What to work on: Every line from the top of the records through the one bearing "We have just" is to be reproduced exactly, and pictures are to be left out.

Provided entries:
=== Begin Enclosure ===
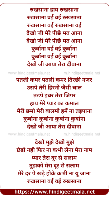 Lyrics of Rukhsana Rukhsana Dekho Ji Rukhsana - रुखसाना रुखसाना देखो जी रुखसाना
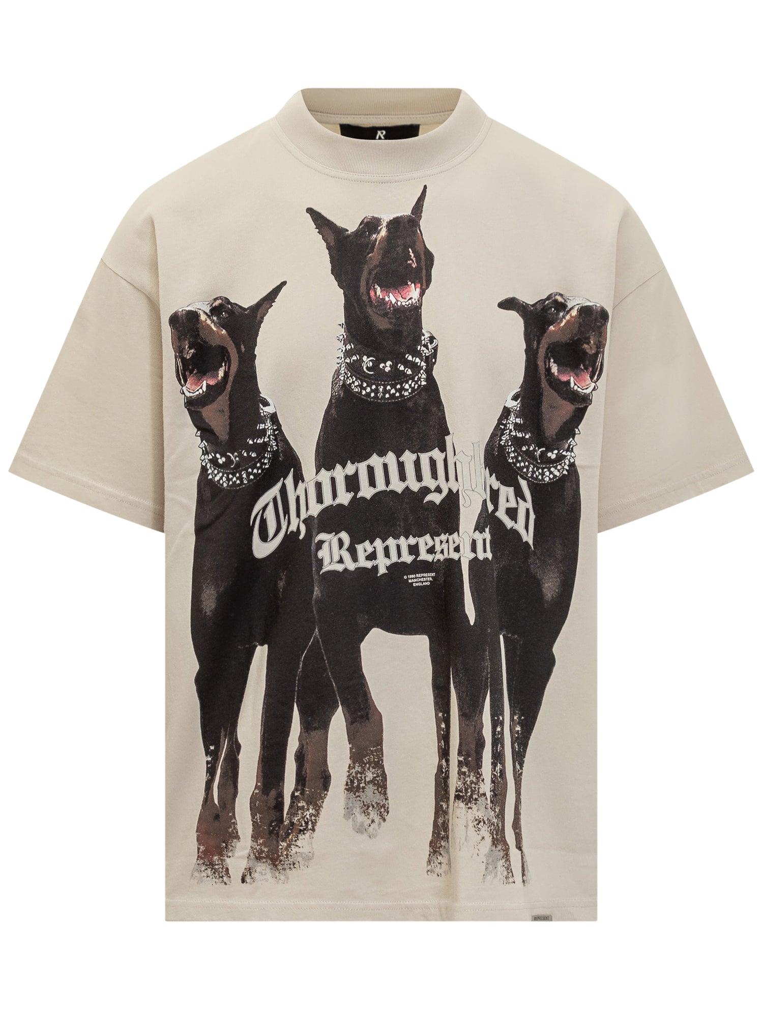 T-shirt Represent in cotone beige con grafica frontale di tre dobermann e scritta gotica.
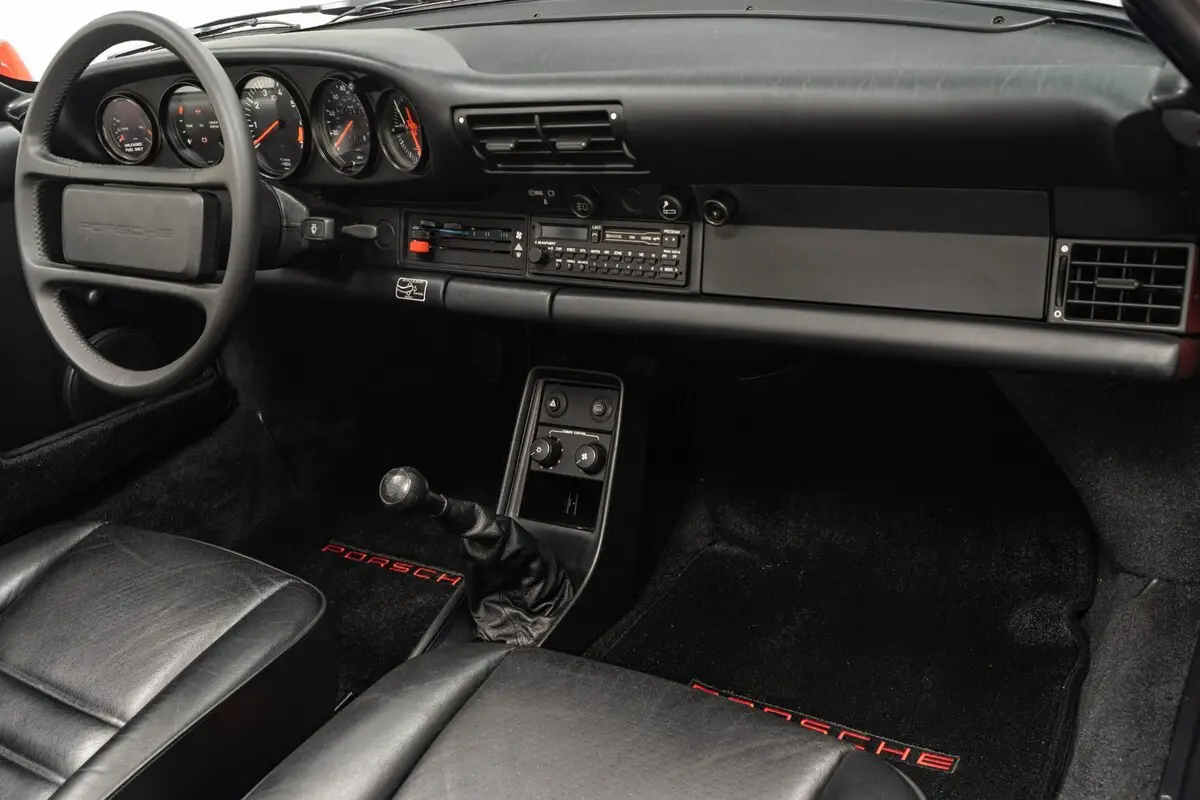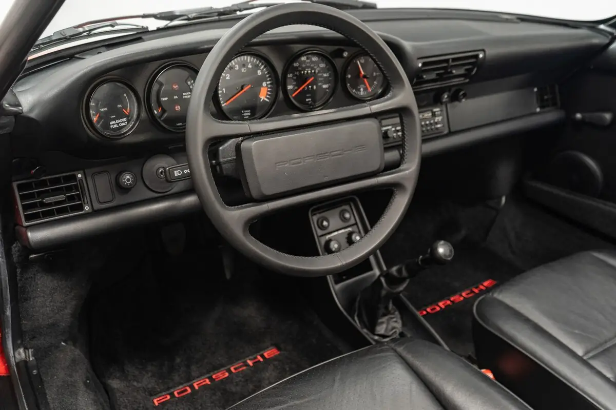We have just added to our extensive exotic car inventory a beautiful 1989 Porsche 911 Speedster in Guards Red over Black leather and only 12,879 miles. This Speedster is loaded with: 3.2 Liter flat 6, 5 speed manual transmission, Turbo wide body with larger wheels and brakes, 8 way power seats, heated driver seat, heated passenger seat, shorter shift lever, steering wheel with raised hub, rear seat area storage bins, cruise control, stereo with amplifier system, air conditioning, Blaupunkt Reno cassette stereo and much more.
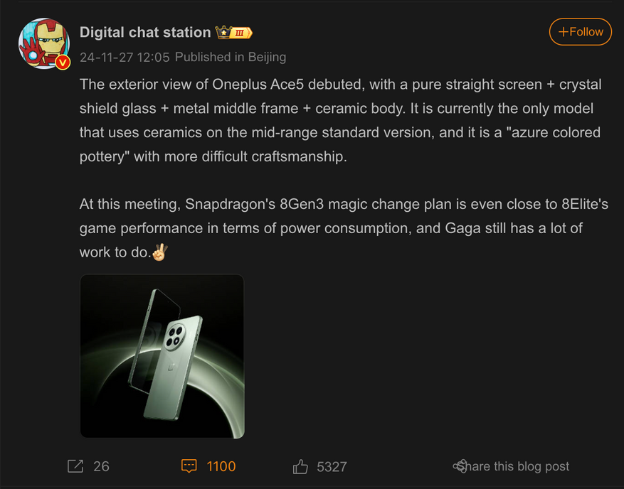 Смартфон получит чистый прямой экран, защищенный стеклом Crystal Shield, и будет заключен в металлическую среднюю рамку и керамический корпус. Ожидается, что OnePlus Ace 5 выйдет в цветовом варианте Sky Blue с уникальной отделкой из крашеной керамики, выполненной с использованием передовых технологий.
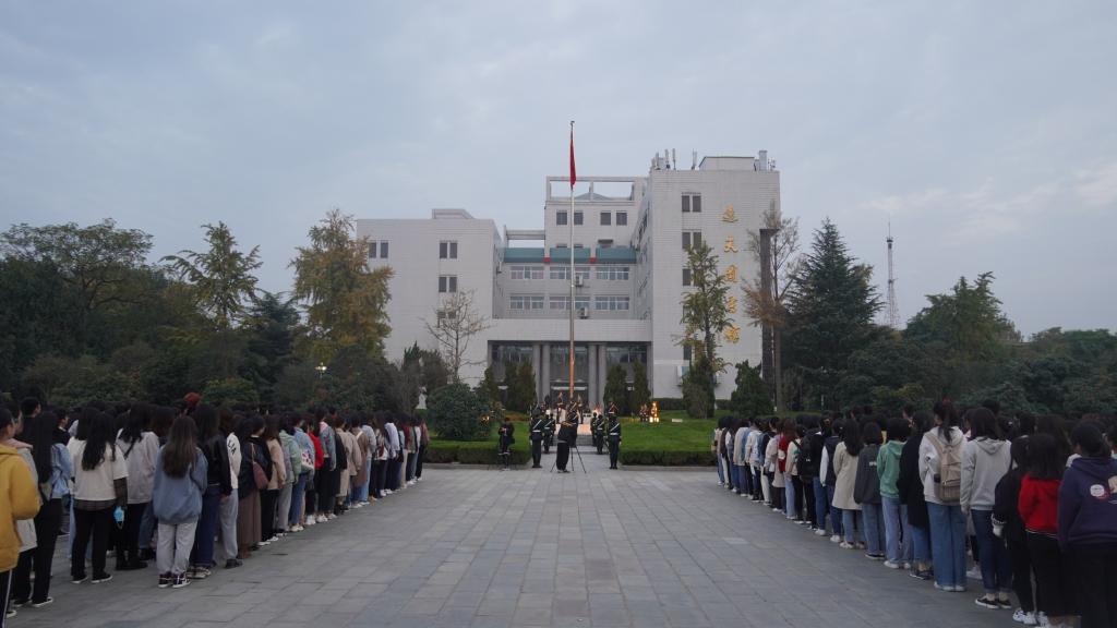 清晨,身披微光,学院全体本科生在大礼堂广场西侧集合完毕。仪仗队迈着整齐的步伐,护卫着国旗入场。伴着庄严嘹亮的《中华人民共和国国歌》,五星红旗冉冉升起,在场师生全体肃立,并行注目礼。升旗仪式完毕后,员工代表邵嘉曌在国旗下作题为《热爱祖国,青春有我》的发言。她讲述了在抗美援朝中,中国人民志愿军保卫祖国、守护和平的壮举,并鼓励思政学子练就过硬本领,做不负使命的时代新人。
=== End Enclosure ===
Result:
 Lyrics of Rukhsana Rukhsana Dekho Ji Rukhsana - रुखसाना रुखसाना देखो जी रुखसाना
 T-shirt Represent in cotone beige con grafica frontale di tre dobermann e scritta gotica.
We have just added to our extensive exotic car inventory a beautiful 1989 Porsche 911 Speedster in Guards Red over Black leather and only 12,879 miles. This Speedster is loaded with: 3.2 Liter flat 6, 5 speed manual transmission, Turbo wide body with larger wheels and brakes, 8 way power seats, heated driver seat, heated passenger seat, shorter shift lever, steering wheel with raised hub, rear seat area storage bins, cruise control, stereo with amplifier system, air conditioning, Blaupunkt Reno cassette stereo and much more.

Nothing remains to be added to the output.